One thing I would tell everyone...not sure if the rest of the lake is like this (I'd bet it is), but there are just tons and tons of widowmaker boulders just under the surface on the north end near the outpost cabin. We had to be extremely careful around the northern islands and western arm, and really anytime we were near a shoal or shore with a boulder field. A lot of camps will mark the big boat killers with anchored bleach bottles, but this camp does not do it. I would guess because there are just so many of them. Please be extra careful if you see even the smallest rock coming out of the surface. It usually means that there are rocks all around it just below the surface. It's fine when rolling in slow, but this lake was an oddball from that perspective. Lots of shoals that come up out of nowhere and you roll right out of 25ft, into 6,5,4ft of water with large boulders.
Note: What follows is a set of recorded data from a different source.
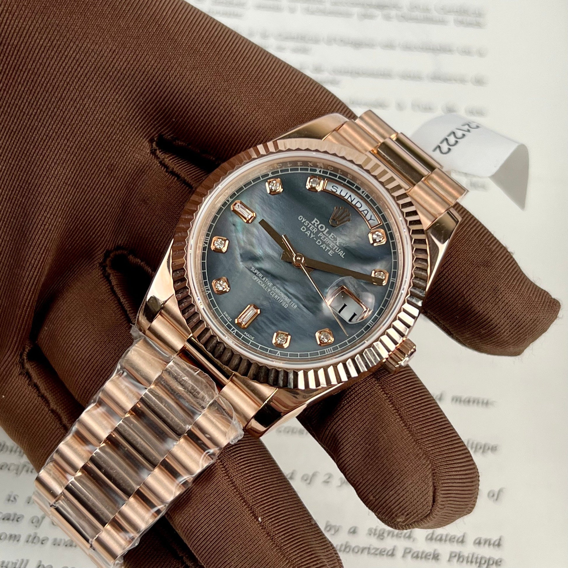 Rolex Day-Date Rosa Oro Rosa Diamond quadrante 36mm 128235 Best 1:1 Edizione coated 18k Rosa Oro 130 gram
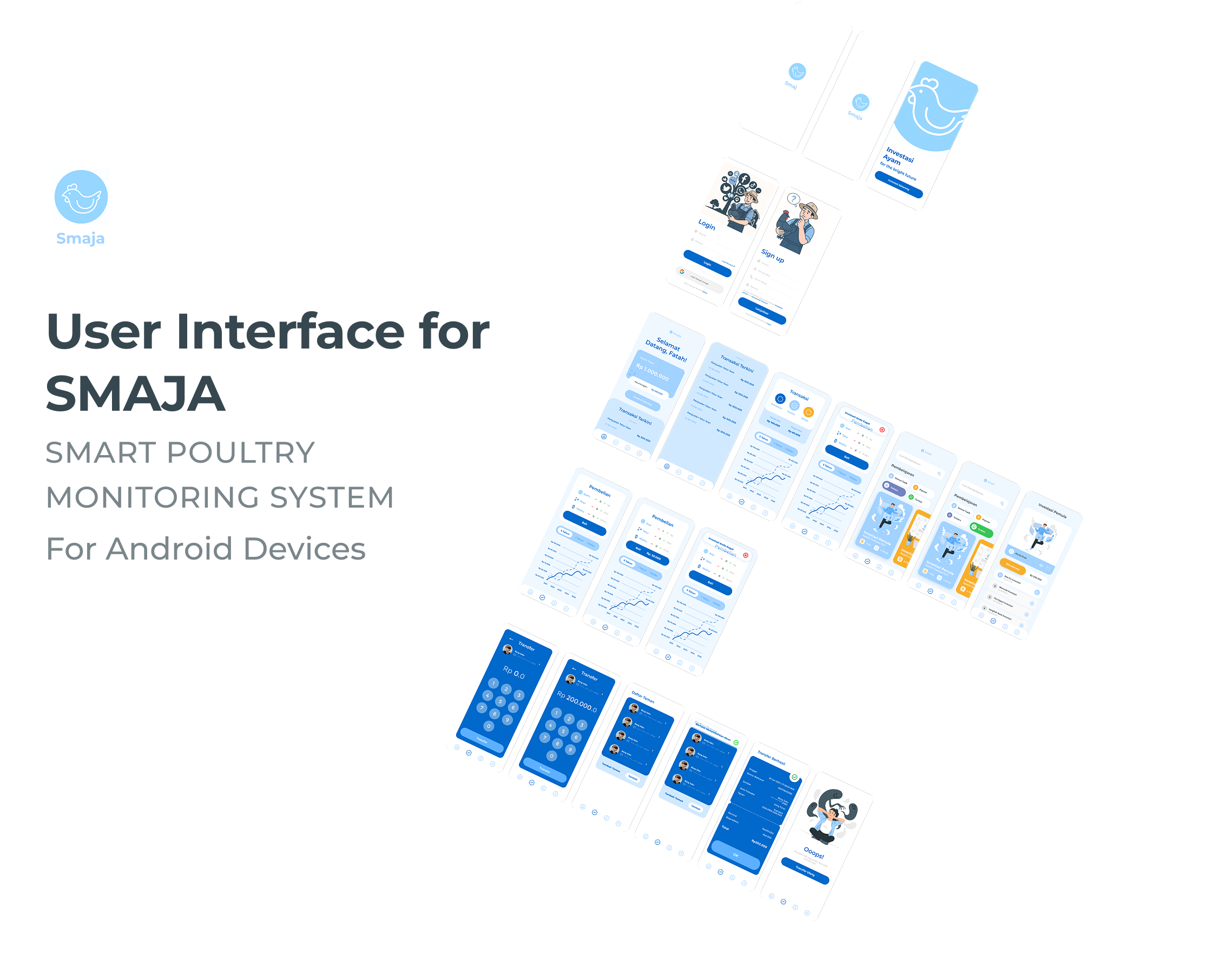A mobile user interface design for poultry investment and monitoring, built for Android platforms.
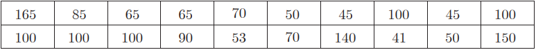 Điều tra về sự tiêu thụ điện năng (tính theo kwh) của một số gia đình ở một tổ dân phố,

Anyway, had a great time. Took my 9 year old son for his first trip and even though the black flies gave us trouble the first couple of days, we persevered and made it a memorable trip. Weather was great other than one day of rain. -Tancaddis


----------



## Hammerdrill (Mar 22, 2017)

BMustang said:


> Thanks for the update. I fished Dog Lake out of Missinaibi ages ago.
> I remember checking out a camp on Windemere Lake.
> I suspect that your camp was in the vicinity.
> 
> ...


Yes, Windermere can actually be reached from Prairie Bee, it is just a short walk from the dam, not far from where the 4 cabins are located. The only camp on Windermere is owned by the same family who owns the one on Prairie Bee.


----------



## tancaddis (Mar 27, 2017)

...also don't mind the beer gut.


----------



## linebacker43 (Aug 3, 2009)

tancaddis said:


> One thing I would tell everyone...not sure if the rest of the lake is like this (I'd bet it is), but there are just tons and tons of widowmaker boulders just under the surface on the north end near the outpost cabin. We had to be extremely careful around the northern islands and western arm, and really anytime we were near a shoal or shore with a boulder field. A lot of camps will mark the big boat killers with anchored bleach bottles, but this camp does not do it. I would guess because there are just so many of them. Please be extra careful if you see even the smallest rock coming out of the surface. It usually means that there are rocks all around it just below the surface. It's fine when rolling in slow, but this lake was an oddball from that perspective. Lots of shoals that come up out of nowhere and you roll right out of 25ft, into 6,5,4ft of water with large boulders.



There were plenty of boulders on the eastern side of the lake as well. We just took our time when we around the shore and any islands. Once you got through the "Dividing Narrows" it opened up and you could run full speed in the middle of the lake. Ethan said he has marked the widow makers before by the 4 cabins and either someone has moved or taken his bouys or they have sunk? There were two guys in the cabin beside us that were just targeting Smallies for the week and they had some impressive numbers for the 6 days that they were there. Nothing better then a blow up from any fish on top water!!


----------



## nightowl (Apr 10, 2004)

This a late post but if you head back up there go to Soretooth lake. It is a few minute boat ride from the Outpost cabin. Short walk past the trappers cabin. Big pike and walleye. There has always been a boat or 2 over there, just need to take a motor. You will probably be pushing mud for the first couple hundred yards, but it opens up,,,well worth the trip.


----------



## tancaddis (Mar 27, 2017)

Good call! I will definitely look into that. I always like a back lake adventure.


----------